A generative adversarial network has been used to develop audio classification technologies that require much less training data.

“Hey Siri, what’s the weather forecast for today?” Ever wondered how devices such as smart speakers understand and respond to such requests? Apple’s Siri and Amazon’s Alexa are classic examples of audio classification technologies, devices powered by artificial intelligence (AI) that perform tasks according to voice commands.

As with most AI-driven systems, audio classification systems first need to go through a training regime. Here, their machine learning networks are fed large datasets of thousands of audio samples, to condition the software to interpret and perform tasks accurately.

However, compiling these massive audio datasets—such as the Google Speech Command Dataset—is both expensive and time-consuming. Moreover, due to their highly variable nature, audio inputs pose a unique challenge for machine learning processes.

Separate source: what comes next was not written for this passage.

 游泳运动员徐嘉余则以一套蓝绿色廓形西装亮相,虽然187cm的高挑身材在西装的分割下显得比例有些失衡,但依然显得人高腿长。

“Sound propagation is very sensitive to the environment, which is constantly changing,” explained speech technology expert Huy Dat Tran, a Senior Scientist from A*STAR’s Institute for Infocomm Research (I2R), adding that collecting audio data for all the possible sound variations of a specific command is virtually impossible.

Tran and the study’s first author, fellow I2R researcher Kah Kuan Teh, explored the potential of using data augmentation—a process of expanding datasets by adding slightly modified versions of existing data—to streamline and expedite the development of audio classification systems.

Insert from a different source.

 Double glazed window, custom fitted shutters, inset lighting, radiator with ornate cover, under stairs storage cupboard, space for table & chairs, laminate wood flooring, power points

The researchers explored the use of two audio data augmentation methods, physical modeling and wavelet scattering transfer, as well as a machine learning framework called the generative adversarial network, or GAN.

Data augmentation techniques were applied to condensed versions of the Google Speech Command Dataset, using between 10 and 25 percent of the original data. Tran and Teh found that combining these two approaches and embedding them into GAN yielded a ground-breaking result: Their new model interpreted voice commands with 92 percent accuracy after being trained with just 10 percent of the Google dataset.

By dramatically lowering the amount of training data required, this new GAN has the potential to create powerful voice command technologies more quickly and cost-effectively than ever before, said Tran.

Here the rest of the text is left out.